テレビ番組って、やたらかたらと撮りまくって、結局放送されるのはほんの一部、という、実に効率の悪いことをやっているような気がしてなりません。 それだけ湯水のように経費が使えるんでしょうし、要するに世間一般の感覚とはかなり違うお大名商売なんでしょうね。 このことについて語り出すと長くなりそうなのでやめます(実際今かなりずらずら書いたのですが、過激なので削除いたしました…coldsweats01)。

勘違いついでに申しますと(笑)仲里依紗チャン、私はずっと 「なかざと・いさ」 チャンだとばかり思っていました(汗)。 玉山鉄二サンも、かなり前の話になりますが、玉木宏サンと顔も名前も似通っていて区別がついてませんでした(爆)。 いまにして思えばどうして混同していたのか不明です(ハハ…)。

こども店長クンはかなりしっかりしておりますね~。 なんか石川遼クンに似た空気を感じますネ。 なんか私も、小さいころからもうちょっとまともに育っていたらこのくらいの人物になれたかもしれない…ワケないか(爆)。 なにしろ根がかなりズボラですので(あ~あ)。

投稿: リウ | 2010年12月20日 (月) 06時40分

昨日H23.2.20NHKで夕方見ました!途中からスイッチを入れて、見たんですが釘づけで、見入ってしまいました!こんなに泣いたのは、、フランダースの犬以来です(泣)戦争って残酷で酷いです(泣)アルマが最後にわざと噛みつき、船に乗らない考え(号泣)切なくて、寂しすぎます(泣)今日も思い出すと涙が出ます(泣)

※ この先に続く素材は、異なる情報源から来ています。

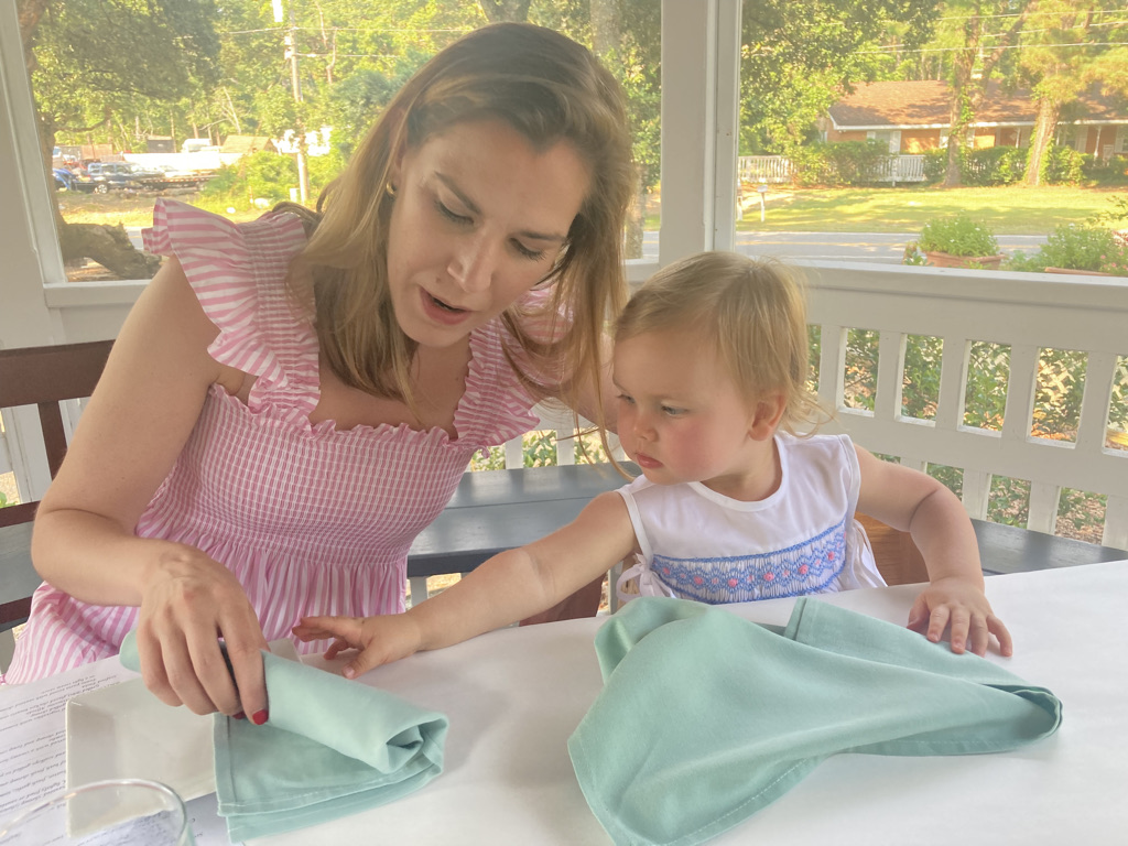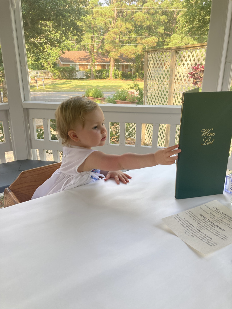 …we also managed to dress up and go out to dinner a couple of times. Katie is increasingly more toddler than baby, so sitting at the dinner table is becoming more of a challenge, even with a wine list and tableware to inspect.

投稿: チビ代 | 2011年2月21日 (月) 20時37分

チビ代様
コメント、ありがとうございます。 再放送をご覧になったんですね!
「フランダースの犬」 以来って、まさかリアルタイムじゃないですよねcoldsweats01。 リアルタイムで見ていたら、もう40年くらいになってしまいますもんねsmile

今よりずっと動物蔑視が当たり前だった時代に、こんなふうにして自分はたちの悪い犬なんだ、とアピールしてしまうアルマ、いったいどんな思いで噛みついていったんでしょうね。 私はドラマを見てからもうふた月ほど経ちますが、やはりそれを考えると泣けてきます。 いいドラマでした~。